Des violences racistes et sexistes ont été perpétrées par les forces de l’ordre sous prétexte de santé publique. Dès les premières heures du confinement, les forces de l’ordre ont commencé à effectuer des contrôles des attestations dérogatoires de déplacement dans les quartiers populaires et à interpeller des femmes et des jeunes hommes racisé·es (1). Dans le même temps, sur les quais parisiens, dans les quartiers bourgeois, la population déambulait sans être harcelée, bien que pouvant elle aussi propager le virus. Sans surprise, des femmes ont été victimes de verbalisations, notamment lors de l’achat de protections menstruelles ou de tests de grossesse qui semblaient ne pas être considérés de « première nécessité » par les forces de l’ordre (2).

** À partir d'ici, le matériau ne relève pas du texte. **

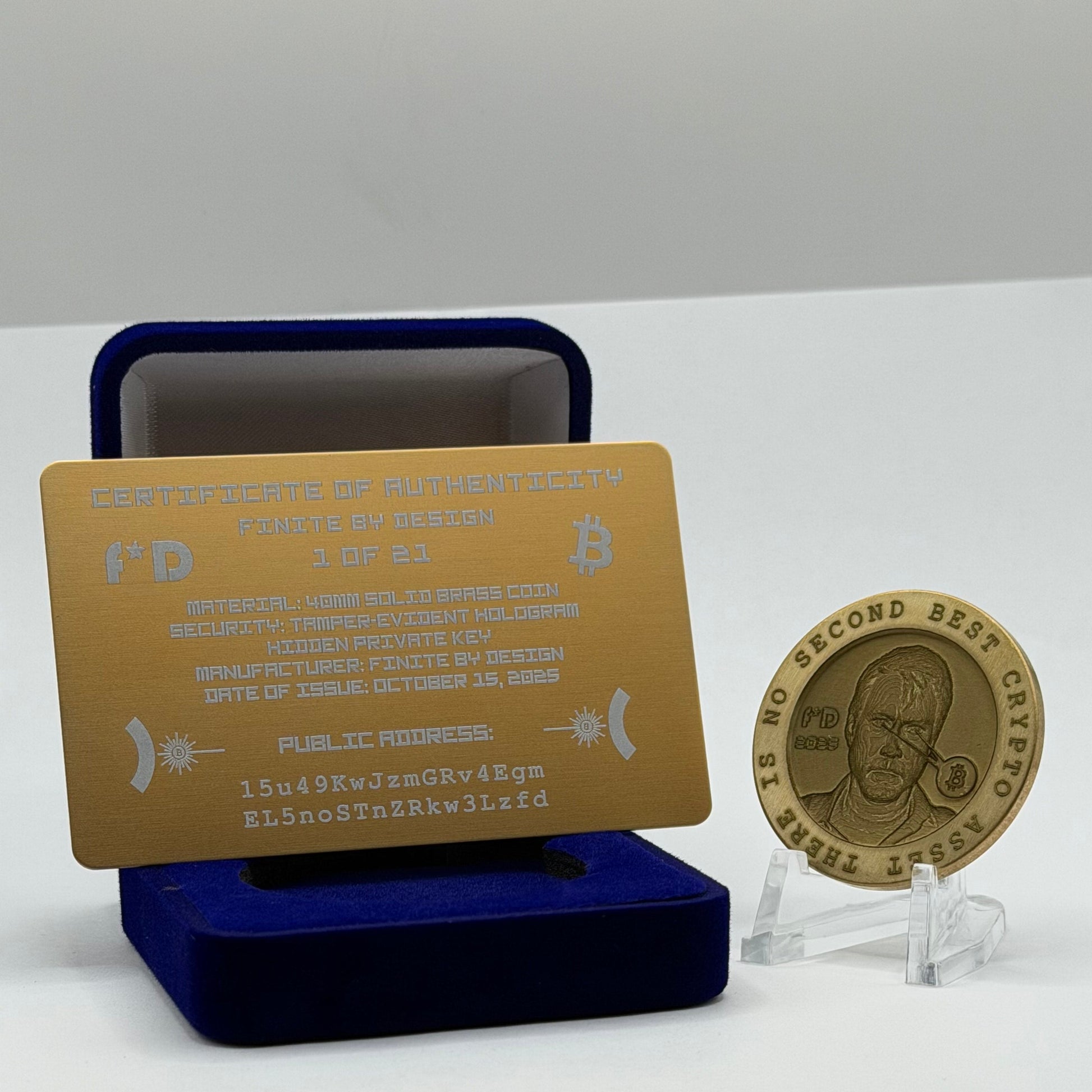 A statement struck in metal. This ultra-limited release pays tribute to one of Bitcoin’s most unapologetic champions — the man who declared:

Les difficultés matérielles à produire la fameuse attestation de sortie pour les personnes précaires, illettrées ou maîtrisant mal le français ont été initialement ignorées. La dématérialisation de l’attestation a d’abord été refusée, malgré l’accès impossible à l’impression ou les difficultés de retranscription de certaines populations (11). Pendant ce temps, des personnes ont même été jugées en comparution immédiate pour avoir occupé des logements vides et des familles ont été verbalisées pour être allées collecter des colis alimentaires (12). Les mêmes abus sont à nouveau constatés dans le cadre des obligations du port de masque : politique répressive plutôt que pédagogique, verbalisations abusives et violences envers les plus précaires. 
 
« Les « solutions sanitaires » finalement proposées à la va-vite sont scandaleuses : hébergement des personnes atteintes par le COVID et renvoi à la rue de celles provisoirement épargnées. Ces personnes ont ainsi été abandonnées, harcelées par les forces de l’ordre leur réclamant pendant le confinement des attestations vides de sens et privées de leurs moyens habituels de susbistance (…) »
         
Nous sommes également révolté·es contre l’extrême indignité et le cynisme avec lesquels les personnes détenues, exilées et sans domicile fixe sont traitées ou ignorées dans cette crise sanitaire. La machine à expulser continue à fonctionner, alors que ces expulsions – en plus de leur caractère abject – aggravent fortement le risque de propagation du virus dans les pays d’origine. L’hypocrisie a même été jusqu’à maintenir des personnes exilées en centre de rétention administrative (CRA) alors même que les frontières étaient fermées. Les CRA, ces camps où il est de plus en plus difficile d’aller pour les associations, continuent à enfermer et maltraiter les personnes, privées de leurs droits humains les plus élémentaires, et ce malgré les recommandations du Défenseur des droits (8) (9).  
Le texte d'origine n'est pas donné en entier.